Note that every time a dataset is retrieved, `Pipeline` will
1. Check if a previous version exists at `location`. If it does, it will read it and combine it with the new data (unless `download=False`, in which case only existing data will be retrieved)
2. Save the dataset to `location`, unless the `always_save` attribute is set to `False` or no new data is available.

Data can be written and read to and from CSV or Excel files (controlled by the `read_fmt` and `save_fmt` attributes) or SQL (automatically determined from `location`).

### Dataset metadata

Metadata for each dataset is held in Pandas MultiIndexes with the following:

1. Indicator name
2. Topic or area
3. Frequency
4. Currency
5. Inflation adjustment
6. Unit
7. Seasonal adjustment
8. Type (stock or flow)
9. Cumulative periods

When writing, metadata can be included as dataset headers (Pandas MultiIndex columns), placed on another sheet if writing to Excel, or dropped. This is controlled by `read_header` and `save_header`.

### Pipeline transformation methods

`Pipeline` objects with a valid dataset can access 6 transformation methods that modify the held dataset.

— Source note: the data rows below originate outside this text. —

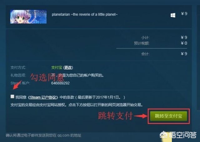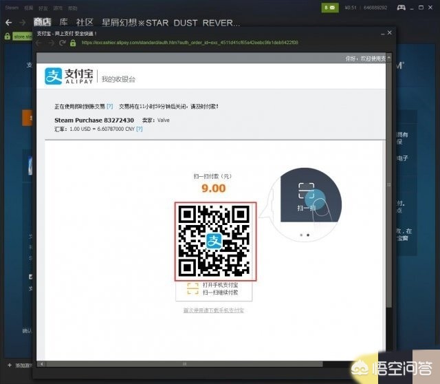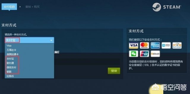 6.在steam上购买游戏可以使用支付宝,微信,财付通,银联等常见支付方式,这里以支付宝为例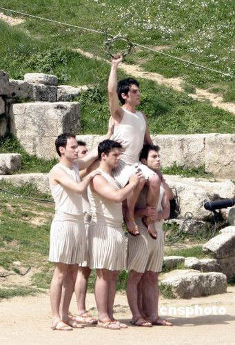 希臘當(dāng)?shù)貢r間3月24日,北京二00八年奧運會圣火采集儀式在古奧林匹亞競技場舉行,最高女祭司順利采集到火種,圖為采集儀式上五名男祭司表演。中新社發(fā) 王歡 攝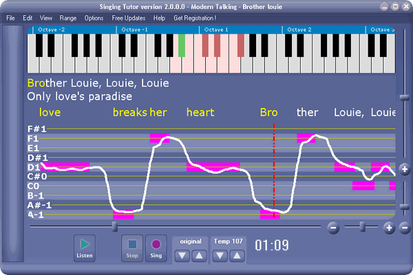 Open MID (midi) or KAR (karaoke) file by chousing “File – Open Midi” you will see rectangular note pitches. Use Sliding controls and Select melody track option to see them. You can sing with midi and check your voice tone by midi pitches. Change song tempo, slide midi notes up and down (make it for tenor or bass singer). If lyrics present in the midi file, it shown on the top. You can hide them using View options.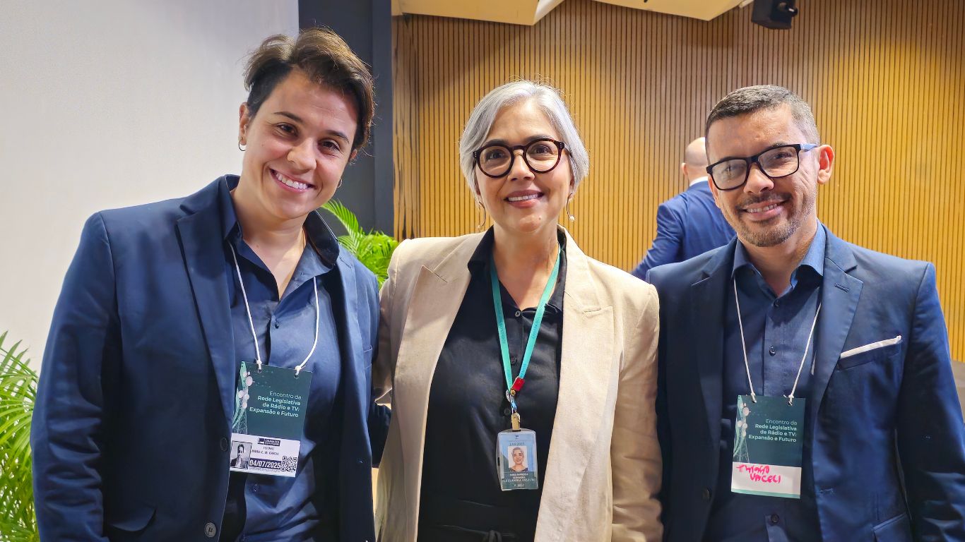 Thiago e Duda participaram do “Encontro da Rede Legislativa de Rádio e TV: Expansão e Futuro”, e garantiram passos importantes para implantação da Rádio Câmara na cidade de Maracaí, que vai ajudar a aproximar ainda mais o Legislativo da população e democratizar o acesso à informação.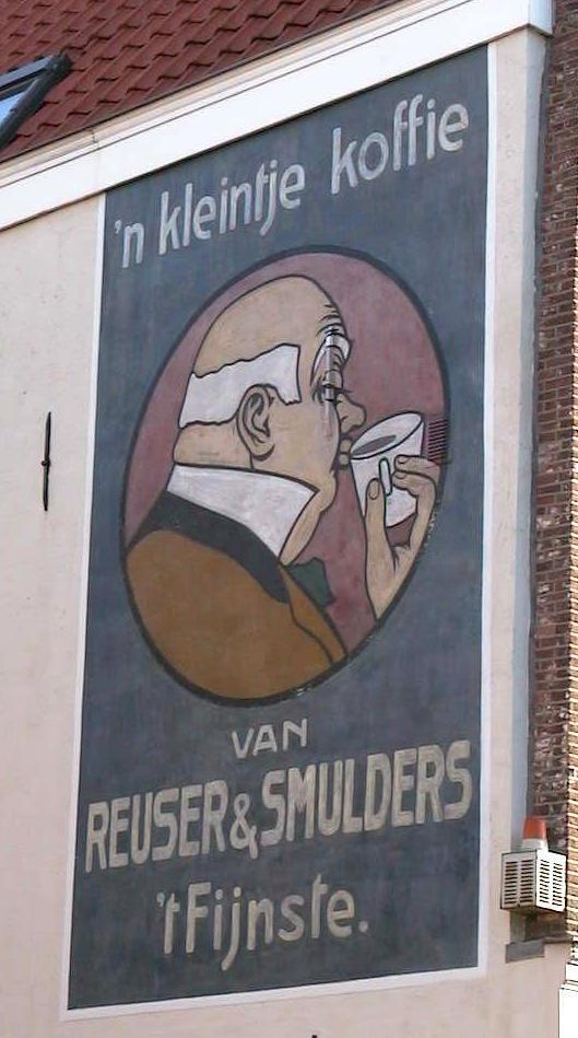 Pand uit de 17de eeuw, bestaande uit twee bouwlagen met kapverdieping in het met pannen gedekte zadeldak dat aan de achterzijde aansluit tegen een gecementeerde puntgevel en aan de voorzijde is afgewolfd.De voorgevel is afgedekt door een houten hoofdgestel met geprofileerde kroonlijst en telt twee vensterassen. De 19de-eeuwse houten winkelpui die in later tijd was gewijzigd, is bij de restauratie die in 1991 plaats vond nogmaals veranderd Tegen de.vrijstaande linker zijgevel bevindt zich een geschilderde muurreclame van de N.V. Koffie-, Thee- en Tabakshandel v/h Reuser & Smulders, die in 1992 werd hersteld. Deze reclame dateert uit omstreeks 1935 en is rechthoekig van vorm. Iets boven het midden is op een blauw fond een rode cirkel geplaatst met daarin in oker, zwart en wit de beeltenis van een koffiedrinkende heer en profil in Biedermeierkledij. In lichtgele schreefloze " Nobel'letters is de volgende tekst geplaatst: " 'n kleintje koffie van Reuser & Smulders 't Fijnste".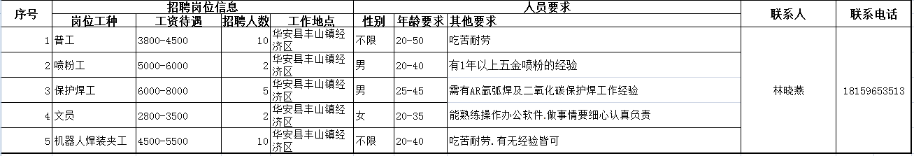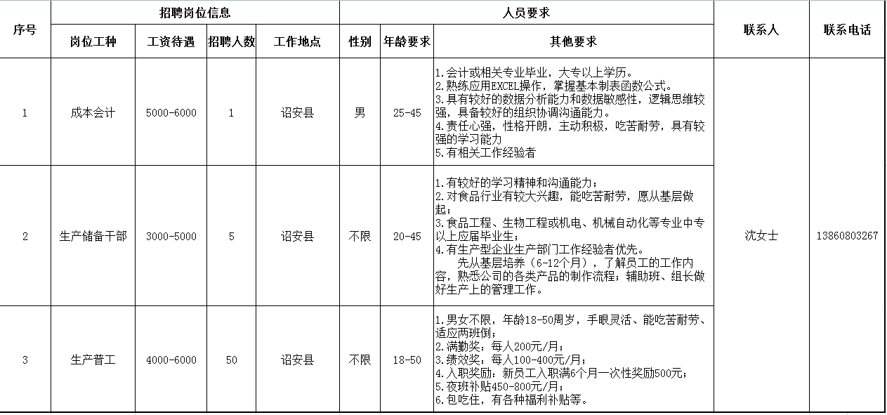 招聘企业信息如下: (可下载表格查看详细信息) 一、福建合口味食品工业有限公司 企业简介:福建合口味食品工业有限公司依托于深圳市合口味食品有限公司平台,2009年斥资1.2亿在富有“中国海峡硒都”、“长寿之乡”美誉的福建诏安建立生产基地,基地工业园占地205亩,生产车间4万平方平。公司始终秉承“真爱真品质”的企业理念、“爱心赋食品、食品如人品”的经营理念,主要生产包子、馒头、花卷、云吞、水饺、汤圆、粽子等冷鲜速冻食品。以无添加香精色素为生产标准,以中国传统餐厨美食工业化为己任,追求速冻冷鲜食品研发与技术革新,并在行业内率先通过SGS-ISO22000管理体系认证。荣获“深圳市农业龙头企业”、“首届深圳老字号企业”、“福建省农业产业化龙头企业”、“诏安纳税大户”等荣誉称号。 企业地址:福建诏安县深桥镇雨亭168号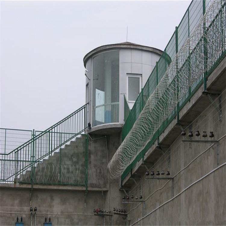 监狱防攀爬护栏网也被称监狱钢网墙,艾瑞公司专业生产监狱看守所防爬护栏网艾瑞公司生产的护栏网立柱由Y形镀锌钢管制成,钢管的壁厚为150 * 150 * 8mm,网架的尺寸为60 * 60 * 2.5m。此外,监狱防攀爬护栏网的Y形柱还配备了不锈钢刀片刺网,并对其表面进行了喷涂。常见的是深绿色喷涂和银灰色喷涂,看起来高端,简单而美丽,并且可以起到防腐防锈的作用,还可以起到装饰环境的作用。下面就来介绍一下监狱防攀爬护栏网的特点以及结构规格。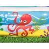 Басейн виготовлений з міцного ПВХ-матеріалу для довговічних і безпечних розваг. Два надувних кільця з барвистим принтом морських тварин додають басейну привабливості для малюків.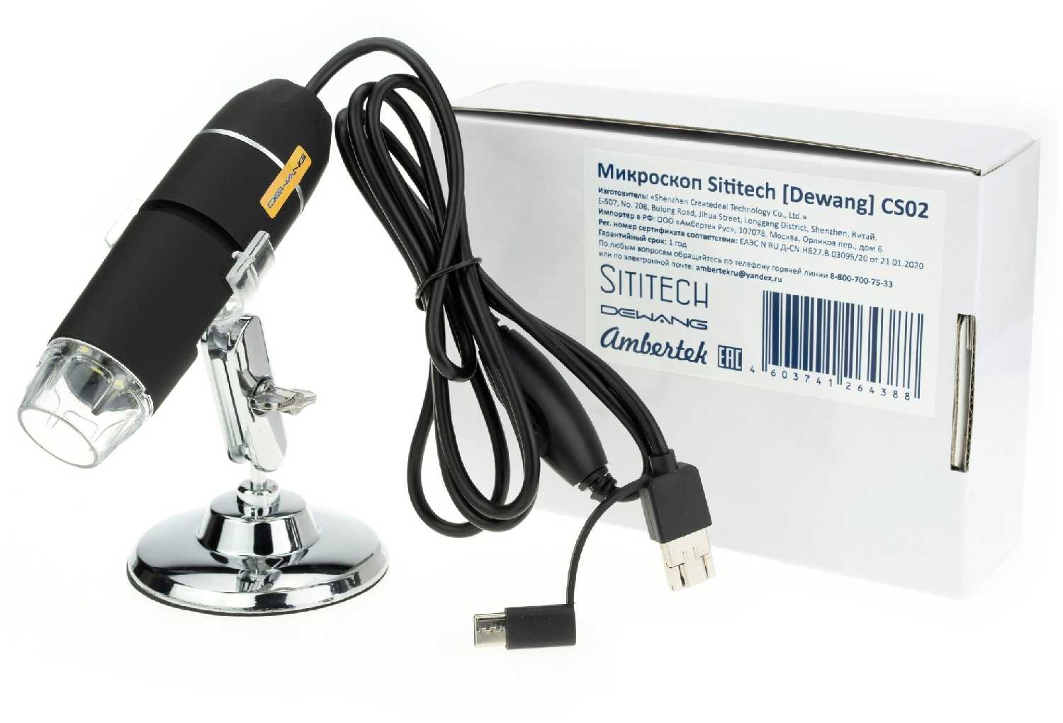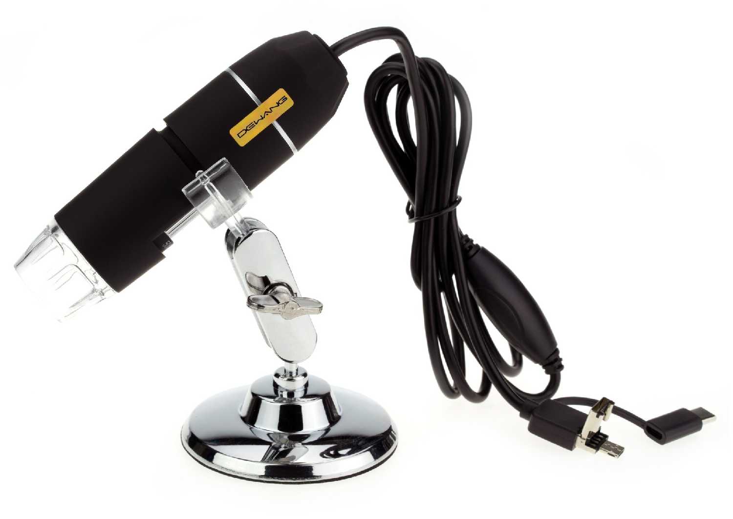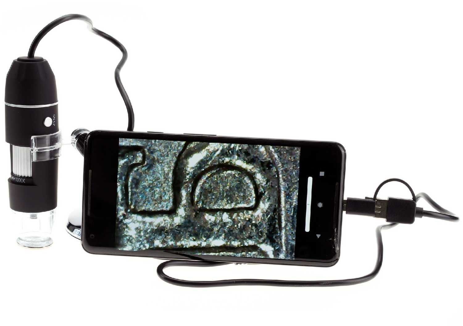 - + Невысокая цена, 1000 кратное увеличение, подключение к ПК и Android, настольный штатив в комплекте, возможность снимать видео или делать фото объектов, встроенная подсветка

* `resample()` - resample data to a different frequency, taking into account whether data is of stock or flow type.
* `chg_diff()` - calculate percent changes or differences for same period last year, last period or at annual rate.
* `decompose()` - seasonally decompose series into trend or seasonally adjusted components.
* `convert()` - convert to US dollars, constant prices or percent of GDP.
* `rebase()` - set a period or window as 100, scale rest accordingly
* `rolling()` - calculate rolling windows, either average or sum.

```python
from econuy.core import Pipeline

p = Pipeline()
p.get("balance_nfps")
p.convert(flavor="usd")
p.resample(rule="A-DEC", operation="sum")
```

### Saving the current dataset

While `Pipeline.get()` will generally save the retrieved dataset to `location`, transformation methods won't automatically write data.

However, `Pipeline.save()` can be used, which will overwrite the file on disk (or SQL table) with the contents in `dataset`.

## The `Session()` class

Like a `Pipeline`, except it can hold several datasets.

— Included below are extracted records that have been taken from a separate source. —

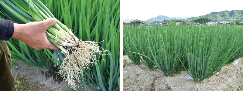 就農6年目の荒井さんは、東かがわ市の農地約3ヘクタールで年間約35トンを収穫。周年栽培しており、夏場と冬場でマルチシートを使って地温を調節し、生育適温に近づける工夫をしている。また、生育に応じて必要な養分を与える「追肥」や、土壌微生物が持つ土壌の栄養バランスを保つ役割を活かして、病気に負けない丈夫な青ネギを栽培することを心掛けている。荒井さんおすすめの食べ方はキムチの素と青ネギで作る「青ネギキムチ」。ぜひ試してみて!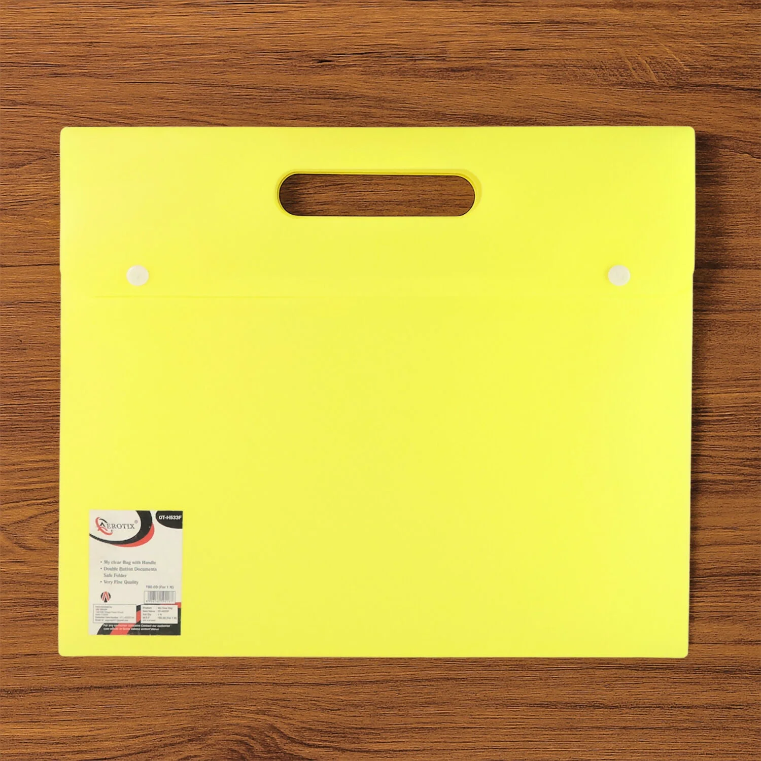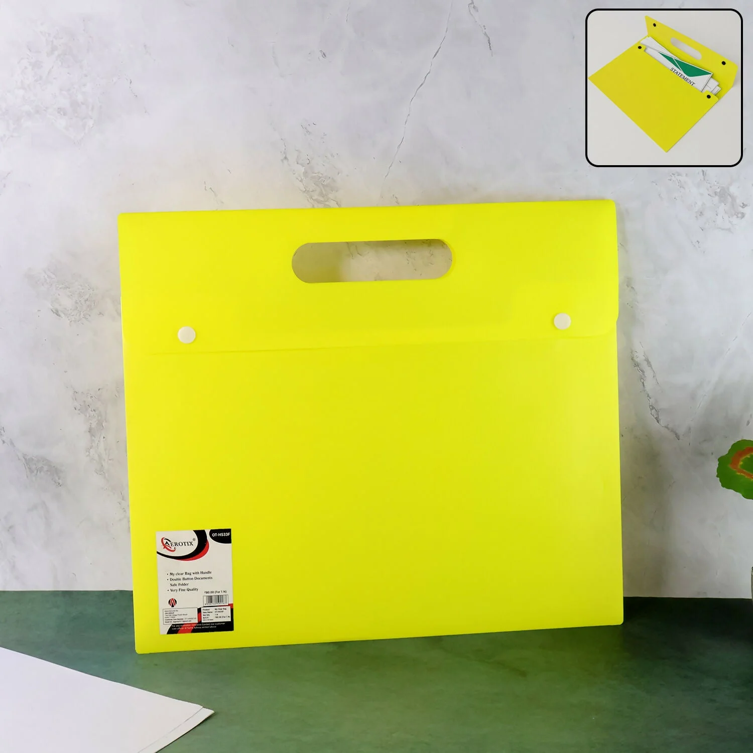 Stay organized and carry your documents with ease using this Mix Design A4 Plastic Document Folder with Handle. Featuring a sturdy built-in handle and secure button closure, this file folder is perfect for professionals, students, and anyone on the go. It keeps your papers safe from dust, spills, and creases while offering portability and style. Ideal for office files, school projects, and personal documents.
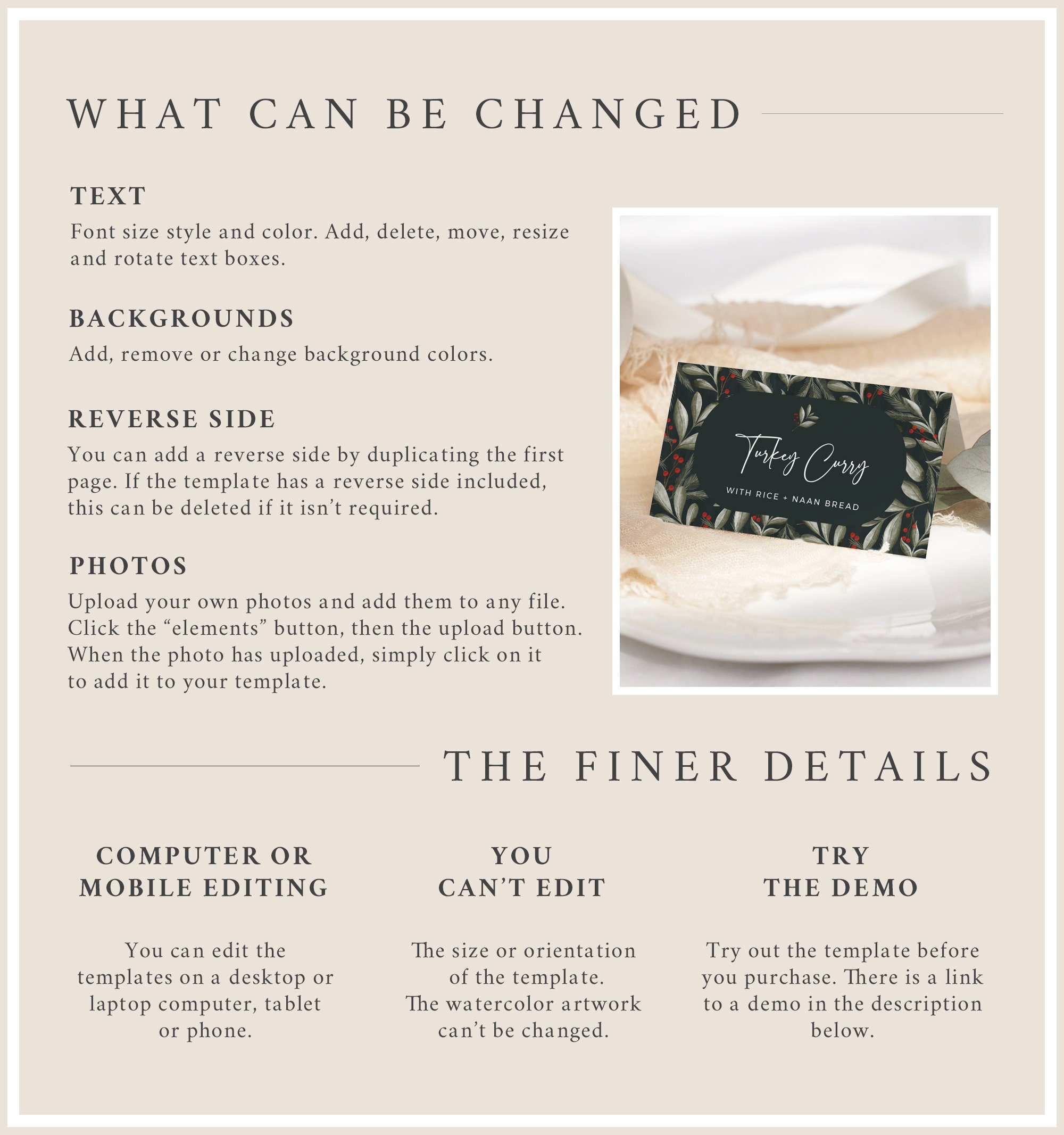 It can be fully edited using TEMPLETT which is a fully customizable template editor that allows you to quickly and easily customize digital templates. After your purchase you will get instant access to your template(s) via an emailed link. No software to install or fonts to download.

The `datasets` attribute is a `dict` of name-DataFrame pairs. Additionally, `Session.get()` accepts a sequence of strings representing several datasets.

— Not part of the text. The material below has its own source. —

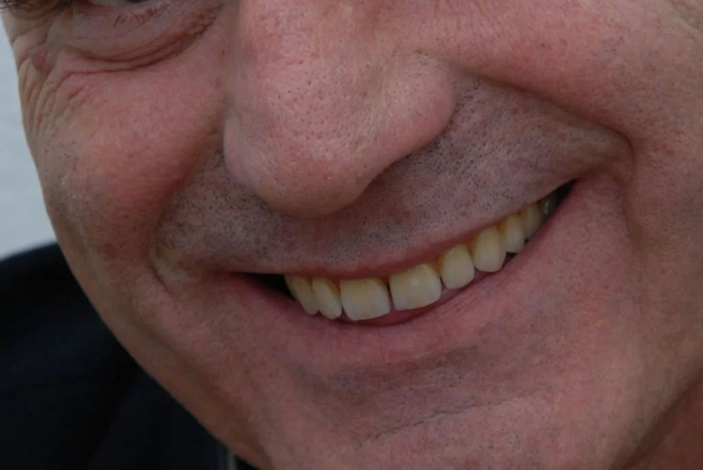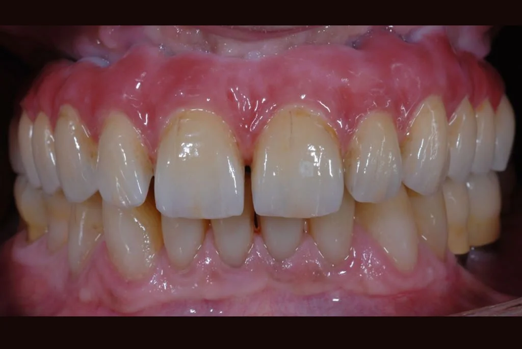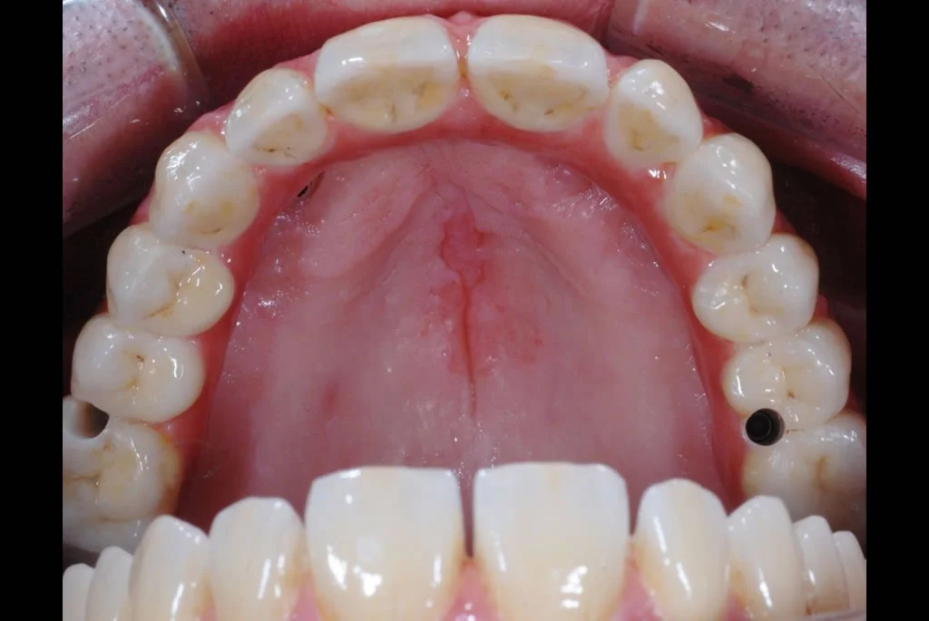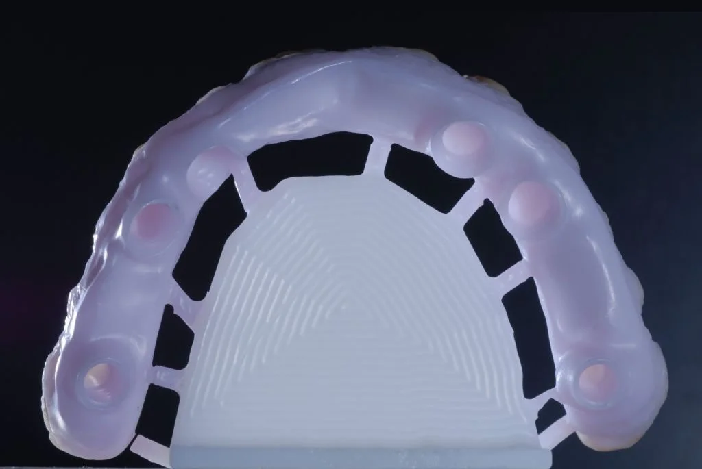 Die sechs Implantate wurden im Vorfeld mit einem Langzeitprovisorium aus Hochleistungskunststoff versorgt. In dieser Testphase konnte der Patient voll und ganz die Vorteile dieser Versorgungsform ausprobieren in Sprache, Optik und Reinigung.

Transformation and saving methods support a `select` parameter that determines which held datasets are considered.

```python
from econuy.session import Session

s = Session(location="your/directory")
s.get(["cpi", "nxr_monthly"])
s.get("commodity_index")
s.rolling(window=12, operation="mean", select=["nxr_monthly", "commodity_index"])
```

`Session.get_bulk()` makes it easy to get several datasets in one line.

```python
from econuy.session import Session

s = Session()
s.get_bulk("all")
```

```python
from econuy.session import Session

s = Session()
s.get_bulk("fiscal_accounts")
```

`Session.concat()` combines selected datasets into a single DataFrame with a common frequency, and adds it as a new key-pair in `datasets`.

## External binaries and libraries

### unrar libraries

The [patool](https://github.com/wummel/patool) package is used in order to access data provided in `.rar` format. This package requires that you have the `unrar` binaries in your system, which in most cases you should already have. You can can get them from [here](https://www.rarlab.com/rar_add.htm) if you don't.

### Selenium webdrivers

Some retrieval functions need Selenium to be configured in order to scrape data. These functions include a `driver` parameter in which a Selenium Webdriver can be passed, or they will attempt to configure a Chrome webdriver, even downloading the chromedriver binary if needed. This still requires an existing Chrome installation.

----

# Caveats and plans

## Caveats

This project is heavily based on getting data from online sources that could change without notice, causing methods that download data to fail. While I try to stay on my toes and fix these quickly, it helps if you create an issue when you find one of these (or even submit a fix!).

## Plans

* Implement a CLI.
* ~~Provide methods to make keeping an updated database easy~~. `Session.get_bulk()` mostly covers this.
* ~~Visualization.~~ (I have decided that visualization should be up to the end-user. However, the [webapp](https://econ.uy) is available for this purpose).
* Translations for dataset descriptions and metadata.